[Stored records]

____________________

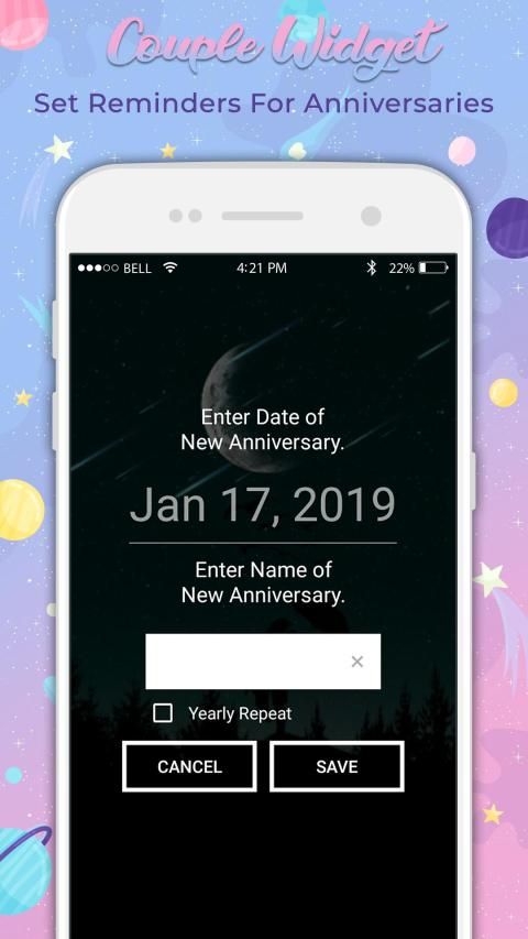 Couple Widget memungkinkan Anda mengetahui hari jadi yang penting secara terus-menerus jika pengguna memasukkan informasi pasangan secara sederhana.
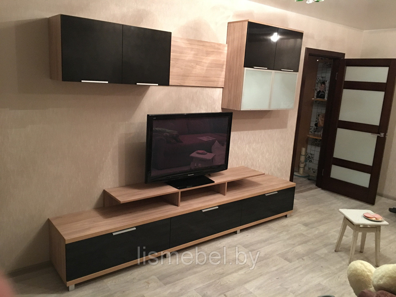 Гостиная изготавливается из ЛДСП толщиной 18 (36) мм (возможны любые декоры цветов).
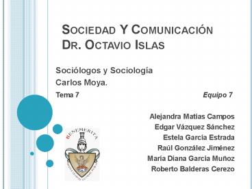 1Sociedad Y ComunicaciónDr. Octavio Islas
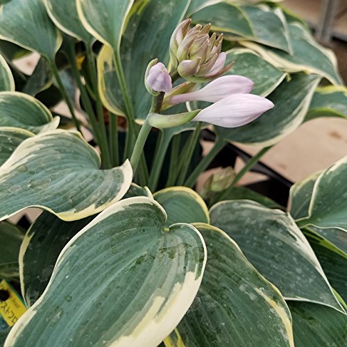 - Hosta 'First Frost' 草丈45cm、ブルーシルバーの葉に黄色の覆輪斑が映える人気品種。
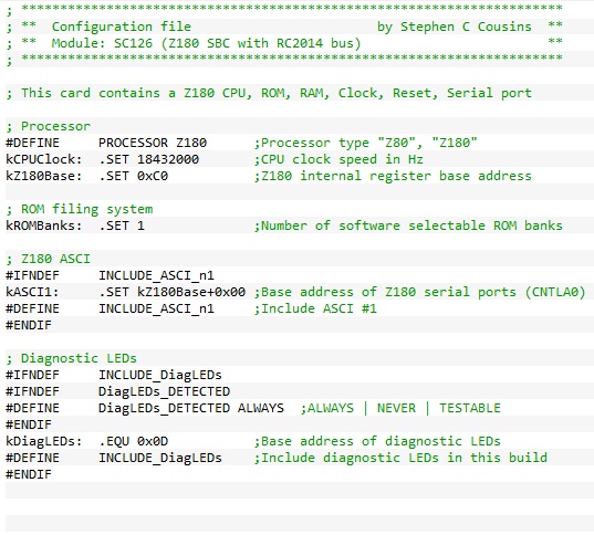 Each build of SCM is configured by the file “<config_name>.asm” in the “Config” folder tree. An example configuration file is shown below.
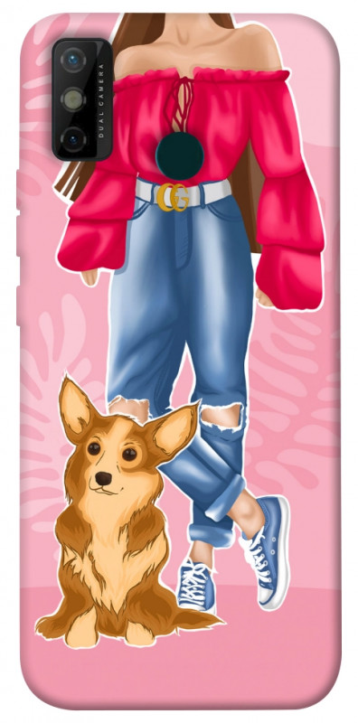 Чехол itsPrint Girl and corgi для TECNO Spark 6 Go, lifestyle, купить оптом с доставкой
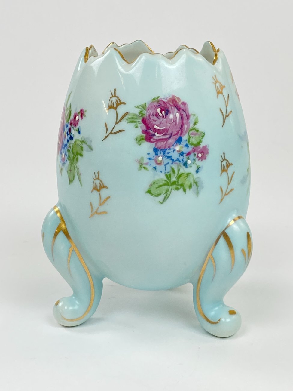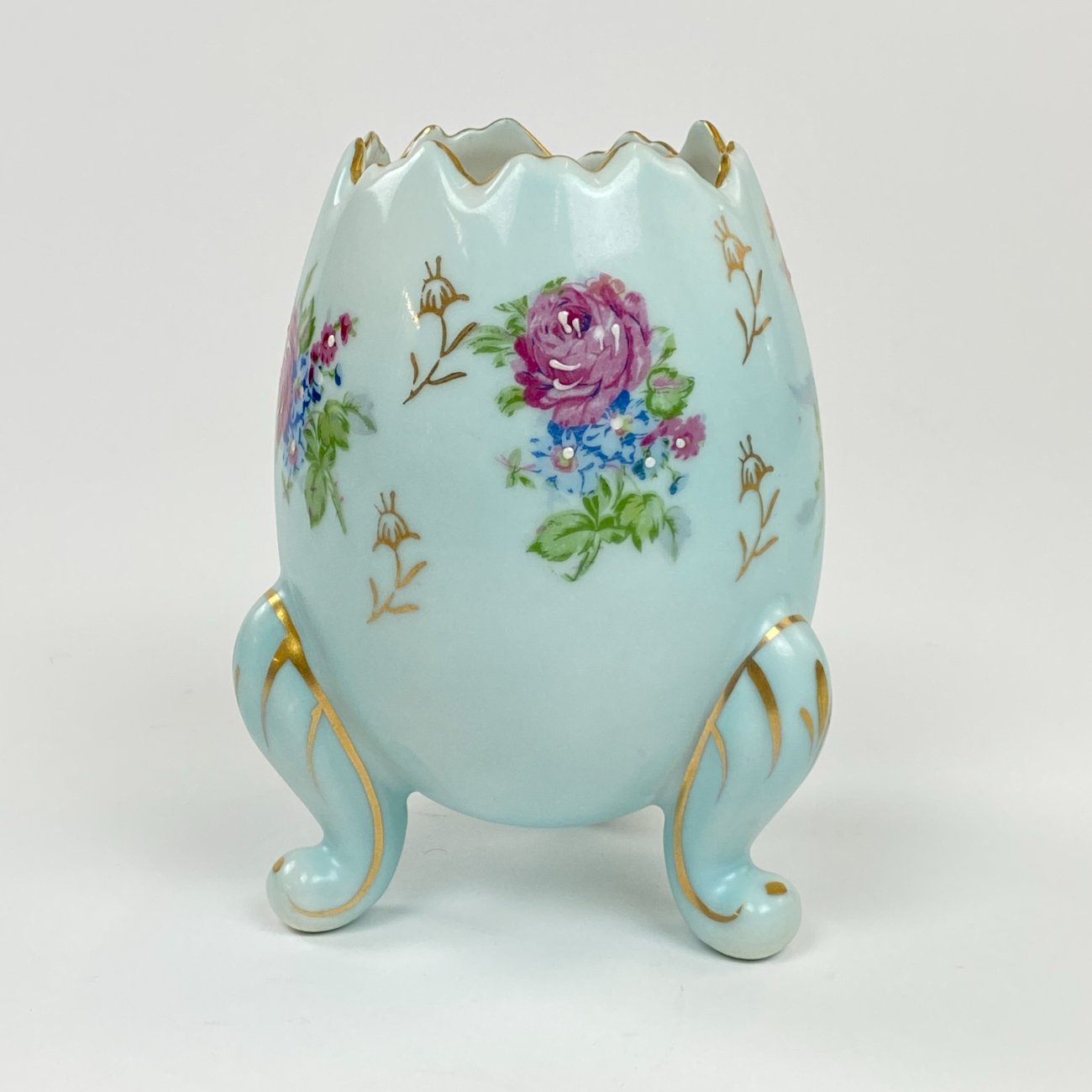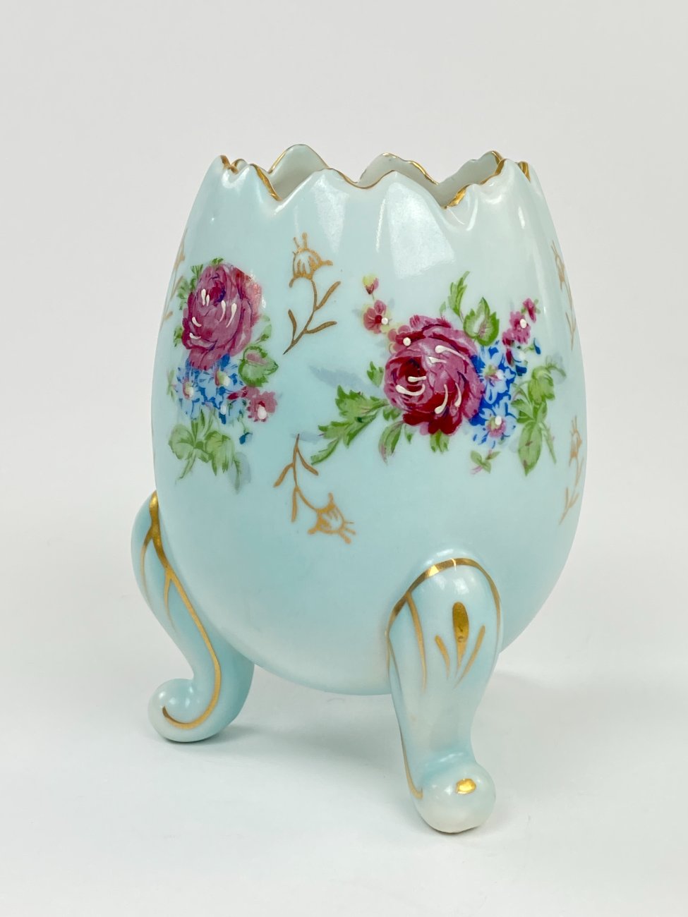 Porcelianinė Napcoware nuskelto kiaušinio formos vaza, dekoruota gėlių piešiniais.

____________________

■ What is expected: Please output all of the entries above exactly, but without any picture.

■ Expected output:
 Couple Widget memungkinkan Anda mengetahui hari jadi yang penting secara terus-menerus jika pengguna memasukkan informasi pasangan secara sederhana.
 Гостиная изготавливается из ЛДСП толщиной 18 (36) мм (возможны любые декоры цветов).
 1Sociedad Y ComunicaciónDr. Octavio Islas
 - Hosta 'First Frost' 草丈45cm、ブルーシルバーの葉に黄色の覆輪斑が映える人気品種。
 Each build of SCM is configured by the file “<config_name>.asm” in the “Config” folder tree. An example configuration file is shown below.
 Чехол itsPrint Girl and corgi для TECNO Spark 6 Go, lifestyle, купить оптом с доставкой
 Porcelianinė Napcoware nuskelto kiaušinio formos vaza, dekoruota gėlių piešiniais.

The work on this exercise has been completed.